Her comments followed the Sept 14 announcement of institutional reforms by the Special Cabinet Committee on National Governance.
“There should also be disclosure throughout the contract's life, such as when price changes or modifications occur.
“These disclosures would provide information for better checks and balances,” she said.
In the event that direct or competitive negotiation is necessary, it should be disclosed and justified publicly before awarding a contract, she added.
She urged for sufficient oversight of sensitive defence contracts despite the need for secrecy, which can be achieved through mandatory reporting to a Parliamentary Special Select Committee.

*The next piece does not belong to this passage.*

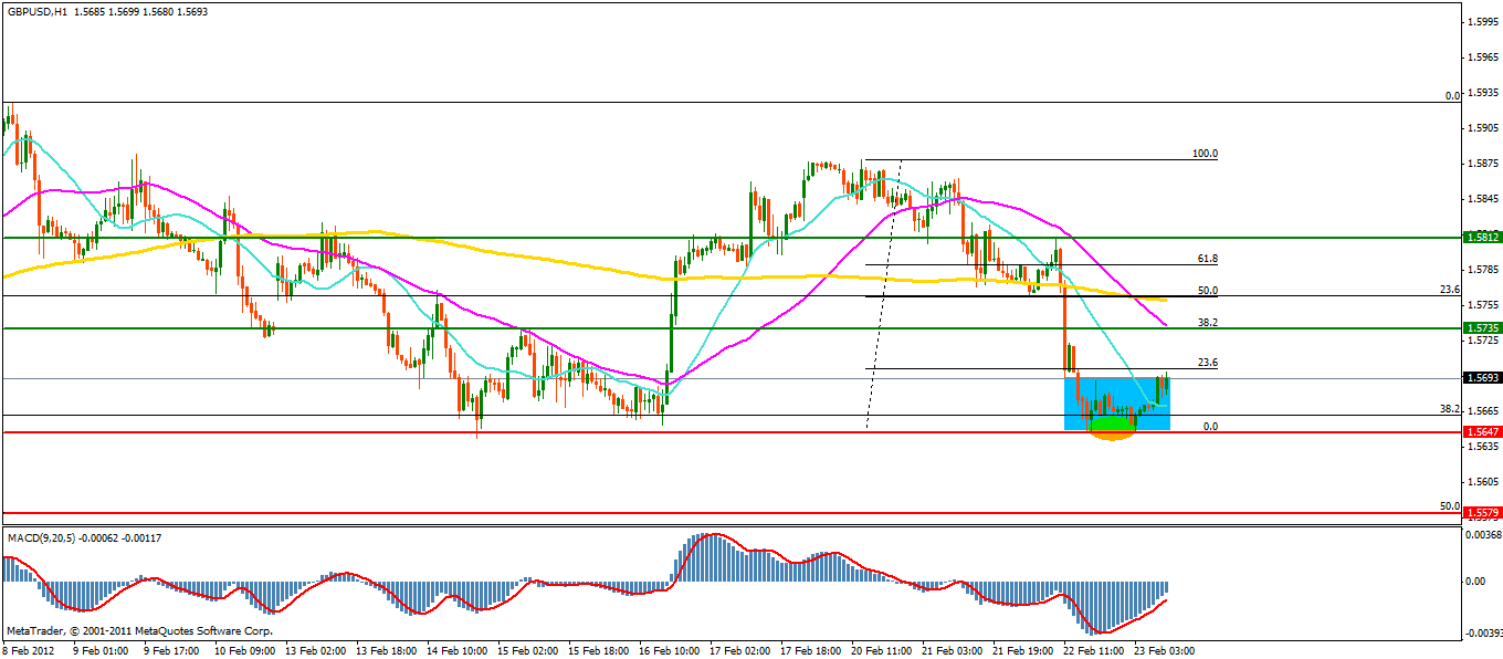 In cazul in care pretul nu poate depasi retragerea de 23.6% si va ramane in zona de consolidare 1.5650 – 1.5700 putem introduce ipoteza continuarii tendintei descendente in cazul in care minimul anterior (1.5647) va fi depasit.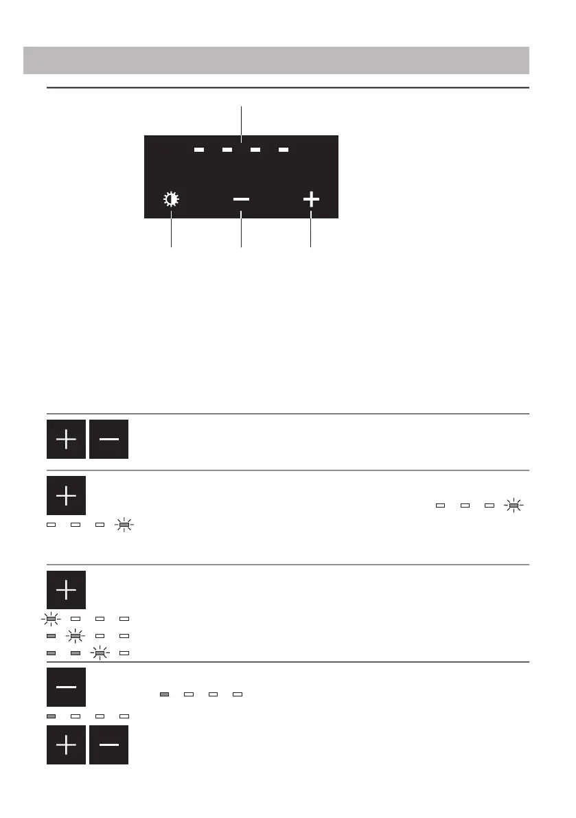 1. Taste 3 drücken, die Abzugshaube schaltet sich mit Geschwindigkeit 1 ein.

In addition, Ideas also welcomed the government's commitment to review the existing legal framework of statutory bodies' subsidiaries to align with principles of good governance and recommends the government to consider best practices derived from the OECD Guidelines on Corporate Governance of State-Owned Enterprises.

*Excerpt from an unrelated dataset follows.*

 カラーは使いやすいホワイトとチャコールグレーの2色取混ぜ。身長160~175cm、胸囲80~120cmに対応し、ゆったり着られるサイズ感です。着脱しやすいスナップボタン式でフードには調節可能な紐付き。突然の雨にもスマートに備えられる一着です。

“Two aspects need to be adhered to: observing high standards of transparency and conducting an appointment process that is transparent and professional.
“Statutory bodies should be subject to a higher standard of public disclosure, compliance and oversight,” she added.

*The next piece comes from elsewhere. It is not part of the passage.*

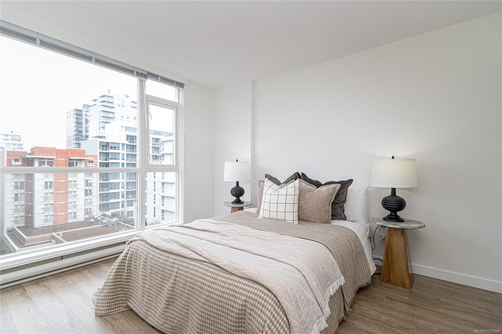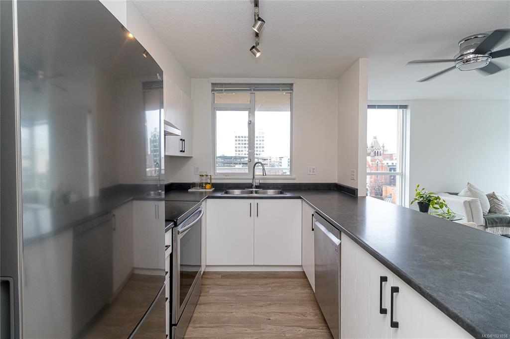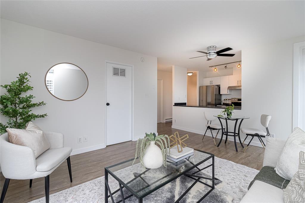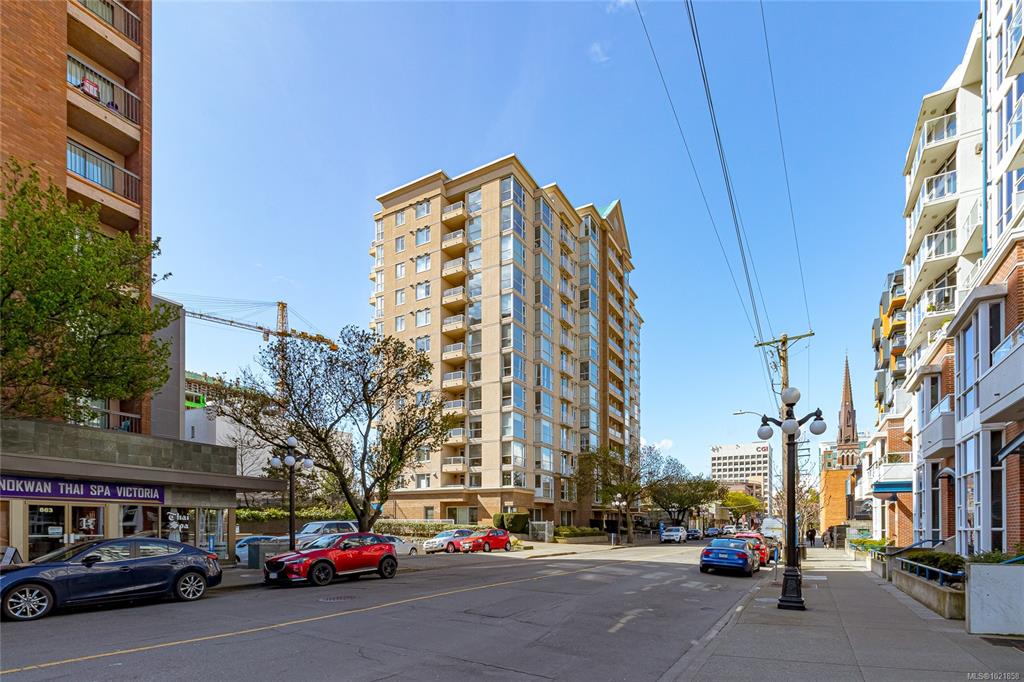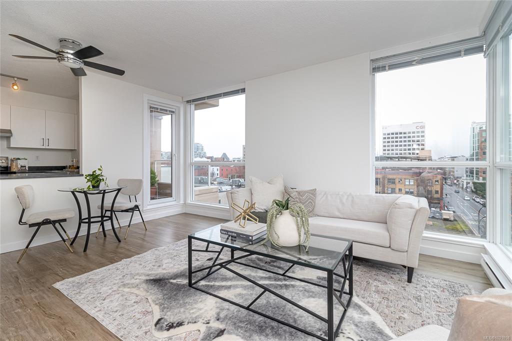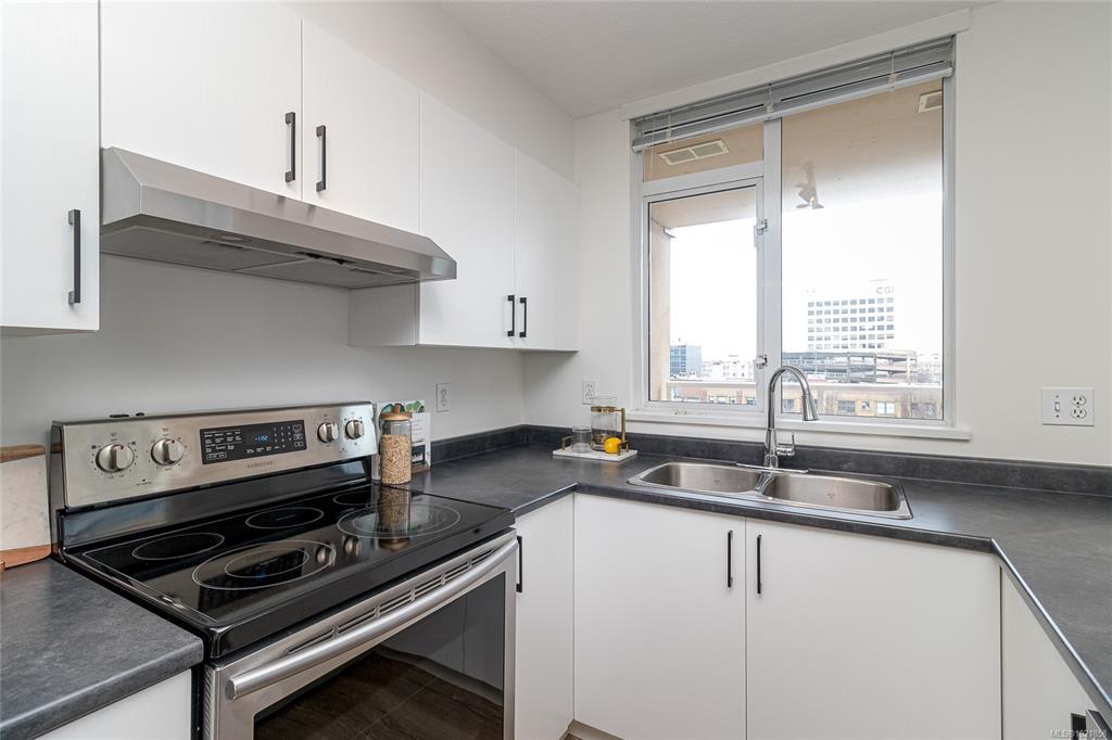 Bright, corner unit 1 bedroom condo in The Metropolitan, at the heart of Downtown Victoria! This updated home features a modern kitchen with refreshed cupboards, updates throughout, in-suite laundry, and newer appliances. Open living space flooded with natural light, storage, and a west-facing balcony perfect for relaxing evenings with beautiful city views. Spacious bedroom with renovated full bathroom! Secure building, underground parking, separate storage locker and low-maintenance living, all just steps ...

Citing data from Pantau Kuasa, she pointed out 238 political appointments across 72 federal statutory bodies under the previous administration, not including political appointments in government-linked companies (GLCs).
She said the proposed reforms would only be effective if the right to information is guaranteed.
The reforms are needed to reduce potential abuses and conflicts of interest, as well as risks of wastage and inefficient operations in the companies, all of which serve the public interest, she added.
“This is why the Special Cabinet Committee's commitment to enacting a Freedom of Information (FOI) Act is crucial.
"Only with such an Act can citizens meaningfully scrutinise government actions, including how our money is spent.
“Lastly, the commitment to amend the Official Secrets Act (OSA) is crucial, not only for enabling better access to information but for the health of our democracy (in general).
“With FOI in place and a less restrictive OSA, I am hopeful that open, transparent governance will become the norm rather than an exception in Malaysia,” Alissa said.
Ideas also called for a public consultation on the actual wording of these reform Bills before they are tabled.